Inloggen
voeg je verhaal toe

Verhalen

Ralfje 9

De winden

De winden fluisterden hun boodschap langs de slapende stenen en struiken die er roerloos tegenaan leunden schudden plotseling hun gebladerte wanneer ze de boodschap hoorden. fluisterde langs murmelende beekjes. Brulden de boodschap over randen van diepe ravijnen en de luie heuvels hoorden de vier winden zwijgend aan.

Als een lopend vuurtje kwam het bericht in China aan. De machtige grote draak wachtte hen op.
- Jullie had jezelf de moeite kunnen besparen, riep hij vanaf zijn hoge post.
Het was mij reeds bekend welk lot de wereld wacht. De kristallen zijn al te duister om in te zien. Daarom heb ik mijn dochter haar lot reeds tegemoet gestuurd. Wat gebeuren moet gebeurt. Toen joeg hij de winden terug.

Mopperend suisden de winden terug joegen bomen en struiken schrik aan door hun onbesuisdheid en het water in rivieren en zee kolkte daardoor.

De grote Chinese draak zweeg over de verblijfplaats van zijn drakendochter.
De draak die haar zou huwen moest haar wel verdienen door haar te vinden.

Albi de draak sleepte zich voort in het duister van de nacht.
Hij zocht hij de hemel af om een glimp van de maan op te vangen. Ook hij hoorde het gefluister van de wind, En treurde omdat het lot zo onvriendelijk was voor zijn bruidje en hemzelf.
Al dagen wachtte hij op het medicijn. De drakengrotmuis had om de pijn te verzachten wat heelkruid gebracht om op zijn gewonde vleugel te leggen.
Albi had Flora los gemaakt, tenslotte kon ze het eiland niet zonder hulp verlaten.

Flora had medelijden met de draak en zocht het eiland af naar kruiden die de draak tot voedsel konden dienen.
De draak gloeide weer even op toen op een morgen Benny de albatros terugkeerde met het bericht dat Leda met het medicijn onderweg was.
Het vuur in de droeve drakenogen doofde echter weer even snel uit.
Flora durfde nu wel dichter bij de draak in de buurt te komen.

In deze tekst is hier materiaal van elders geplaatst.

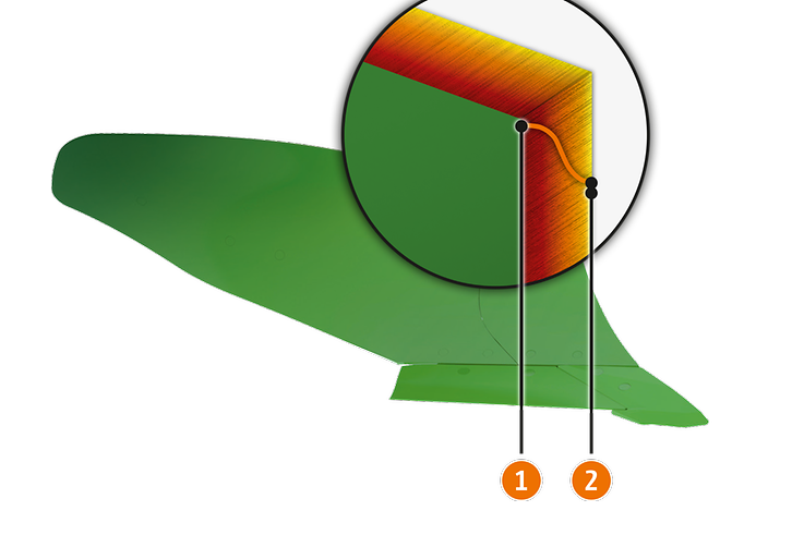 Nowy korpus pługa SpeedBlade z opatentowaną, bardzo dużą przednią częścią odkładnicy i procesem hartowania ©plus zapewnia znacznie mniejsze zużycie przy dużych prędkościach roboczych. Ze względu na coraz większe prędkości robocze podczas orki, punkt zużycia przesuwa się bardziej do tyłu. Ze względu na małą przednią część odkładnicy w dostępnych w handlu korpusach pługa, przy wyższych prędkościach zużycie rozpoczyna się bezpośrednio na odkładnicy.
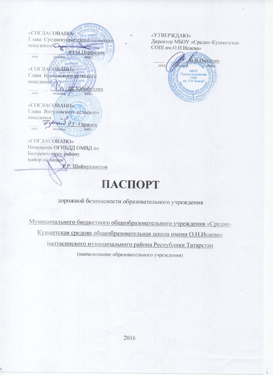 Паспорт дорожной безопасности МБОУ "Средне-Кушкетская СОШ им. О.Н.Исаева"
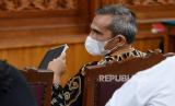 Orang tua Brigadir Nofriansyah Yosua Hutabarat alias Brigadir J, Samuel Hutabarat memberikan keterangan saksi dalam sidang kasus dugaan pembunuhan berencana terhadap Brigadir J, dengan terdakwa Ricky Rizal dan Kuat Maruf  di Pengadilan Negeri Jakarta Selatan, Jakarta, Rabu (2/11/2022). Sidang tersebut beragendakan mendengarkan keterangan saksi yang dihadirkan oleh jaksa penuntut umum (JPU). Saksi yang dihadirkan merupakan anggota keluarga dari Brigadir J, diantaranya Samuel Hutabarat, Rosti Simanjuntak, Mahareza Rizky, Yuni Artika Hutabarat, Devianita Hutabarat, Novitasari Nadea, Rohani Simanjuntak, Sangga Parulian, Roslin Emika Simanjuntak, Indrawanto Pasaribu, dan kekasih Brigadir J, Vera Mareta Simanjuntak. Dalam keterangannya, orang tua Brigadir J, Rosti Simanjuntak meminta terdakwa Ricky Rizal dan Kuat Maruf tidak hanya meminta maaf, namun harus disertai keterangan yang jujur dalam persidangan kasus pembunuhan terhadap anaknya.   (FOTO : Republika/Thoudy Badai)
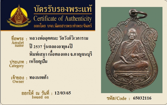 ค้นหาใบการันตีพระแท้
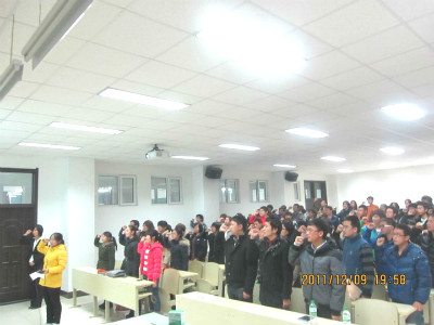 大会在庄严的国歌声中拉开序幕。首先,同学们观看了“一二•九运动”的主题纪录片,以此回顾那段峥嵘岁月。接下来,同学们通过配乐诗朗诵、红色电影配音等形式的精彩表演以及猜红歌歌名、我爱记红歌歌词等以红色经典为主题的知识竞赛表达了对一二•九运动的纪念和对革命先烈的缅怀。随后,团委副书记马远俊进行了总结性发言,他结合“一二•九运动”历史和当今大学生现状阐述了爱国主义、集体主义对于当代大学生培养正确的人世界观、人生观、价值观的重要意义。他的发言使在场的同学深受鼓舞,更加深刻地认识到自己应承担的历史责任与使命。在此之后,团委副书记马远俊和09级党支部负责人吴满为在竞赛环节中表现出色的11级1班和10级2班颁奖。活动的最后,在吴满的倡议下全体人员进行了宣誓仪式。在激昂的宣誓声中,大会圆满结束。
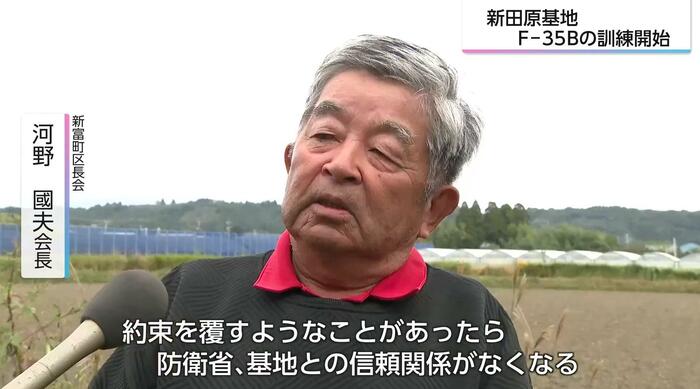 新富町区長会の河野國夫会長は、「2024年の受け入れの時からの約束を反故にした。約束を覆すようなことがあったら、防衛省、基地との信頼関係が無くなる」と訴え、防音区域の拡大など、町民への負担軽減策の充実を求めている。
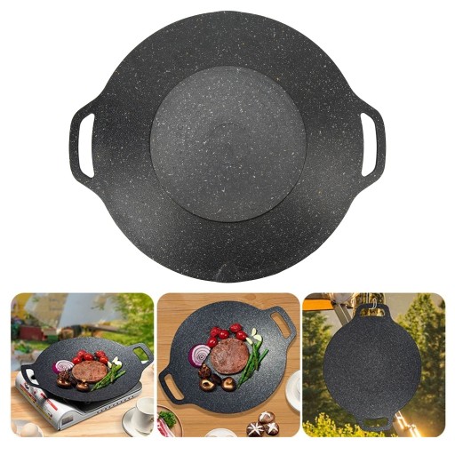 Koreańska patelnia grillowa z 6-warstwową powłoką nieprzywierającą, okrągła patelnia do grillowania do gotowania na świeżym powietrzu w pomieszczeniach, czarna
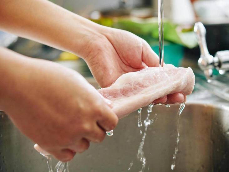 Как правило, мясо, которые вы покупаете, уже прошло достаточно этапов очистки. Если вы решили промыть мясо под проточной водой, необходимо быть готовым к тому, что немыслимое количество опасных бактерий попадет и на раковину, и на кран, и на губку для мытья посуды, которую вы в дальнейшем еще будете использовать.
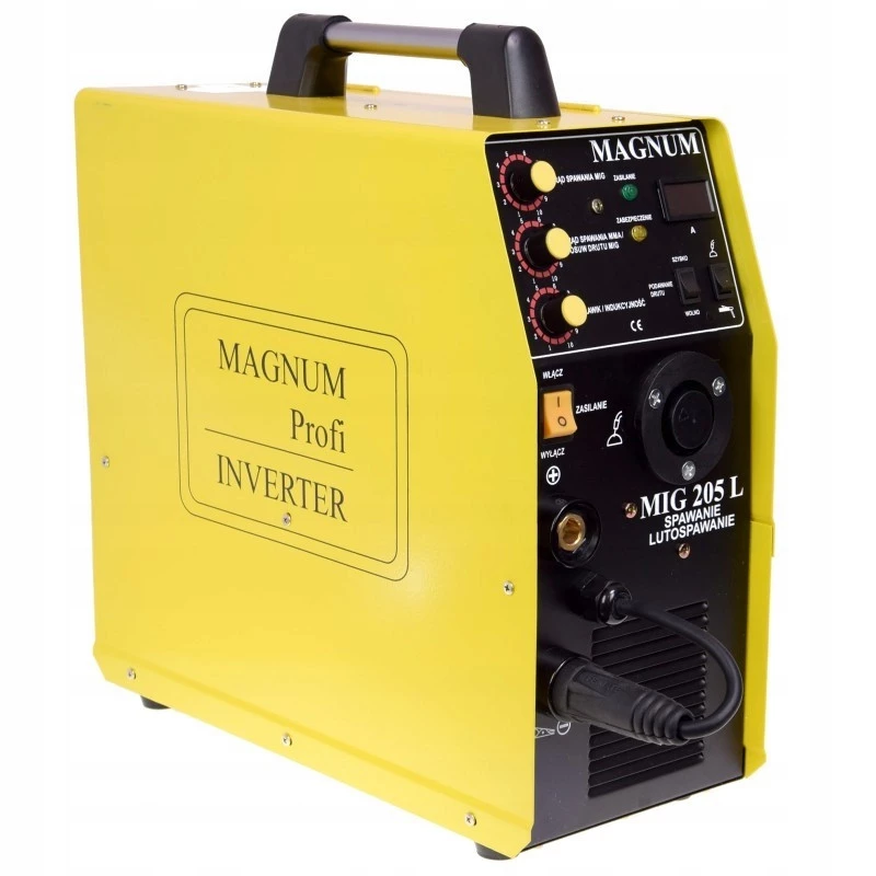 Producent:MAGNUM || Metody spawania: MIG, MAG, MMA, FLUX || Zasilanie: 230V || Maksymalny prąd spawania: 200A || Cykl pracy: 60% ||
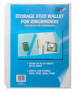 A4 Clear Plastic Stud Document Wallet For Ring Binder (Pack of 5) - A4 size ringbinder press stud closure document wallet (302 x 240mm).Holds up to 30 sheets of A4 paper. Ideal for storing pens, CD's Booklets and other slim items. 200 micron clear polypropylene. Pack of 5
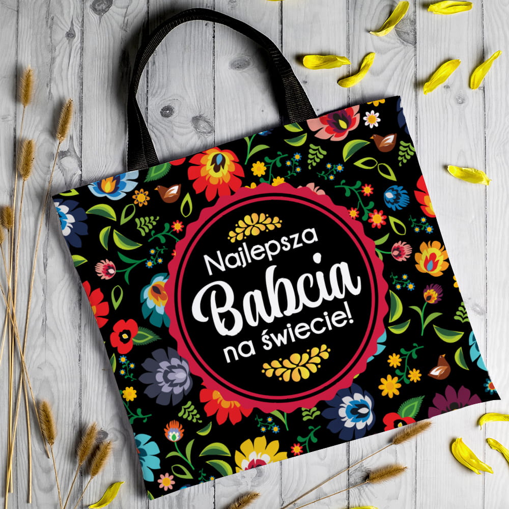 Znudziły Ci się już standardowe prezenty na Dzień Babci? Postaw więc na praktyczną torbę na zakupy Najlepsza babcia na Świecie w Folkowy wzór.
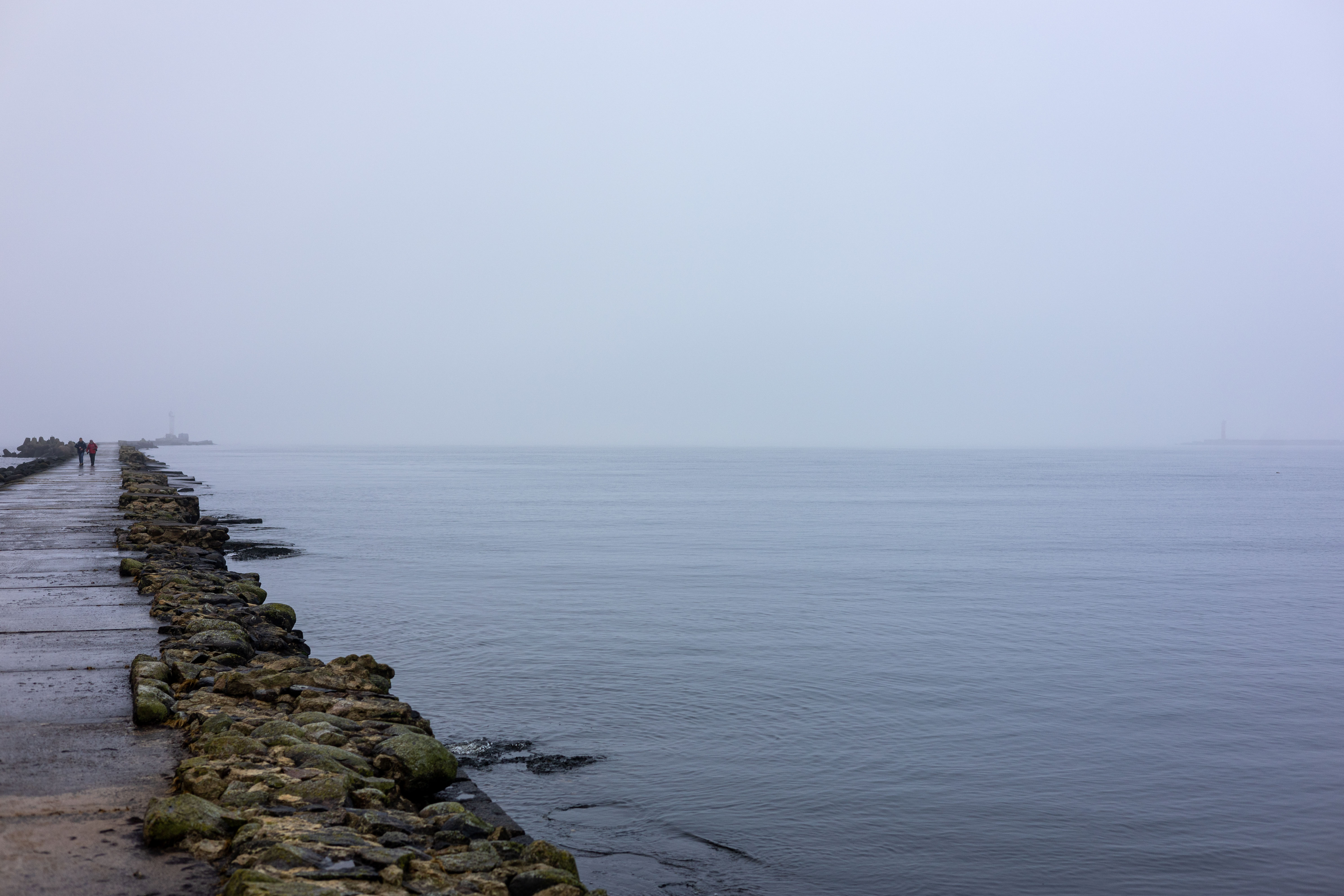 For a few minutes the wind have removed the fog and a neighbor pier with another lighthouse became visible.
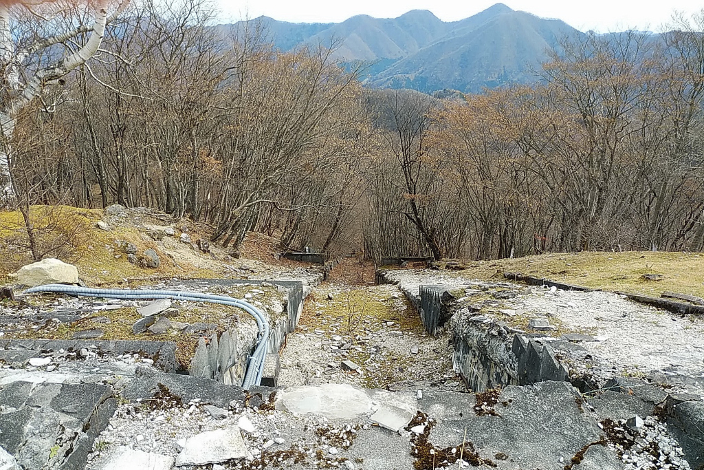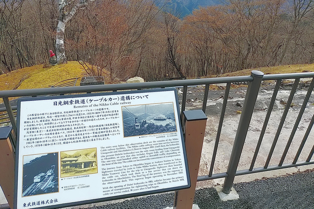 ※トップ画像は、第ニいろは坂(国道120号線)の途中2箇所にある駐車場のひとつ「明智平」にあるケーブルカー遺構(日光鋼索鉄道線)明智平駅跡=2019年11月18日、日光市細尾町

Voorzichtig probeerde ze erachter te komen hoe de vloek weer ongedaan gemaakt kon worden.

Flora droomde over de groene kabouter. Ze zag hem samen met haar broers. De draak had haar over hem verteld. Nu hoopte ze dat deze onbekende haar zou komen redden van het eiland. De kabouter die zo hard kon lopen om de vloek ongedaan te maken.

Als Albi maar op tijd genezen zou zijn. Ook hij moest de zevende dag na de vloek bij de steen aanwezig zijn. O wat waren ze allemaal dom geweest.

'Vriend, vijand verenigd rond de steen.' Zo luidden de regels.
Wanneer Albi niet meer instaat zou zijn erheen te vliegen dan werd de vloek niet ongedaan gemaakt.
Flora had moeite haar tranen in te houden.

Benny wilde niet met Flora praten en ook niet terugbrengen naar het vaste land. Dat maakte haar verdrietig.
Af en toe waagde ze zich in de nog steeds vallende regen, om uit te kijken over de zee of de redding al nabij was.
Zo trof Leda Flora aan, in de regen zittend op de rotsen.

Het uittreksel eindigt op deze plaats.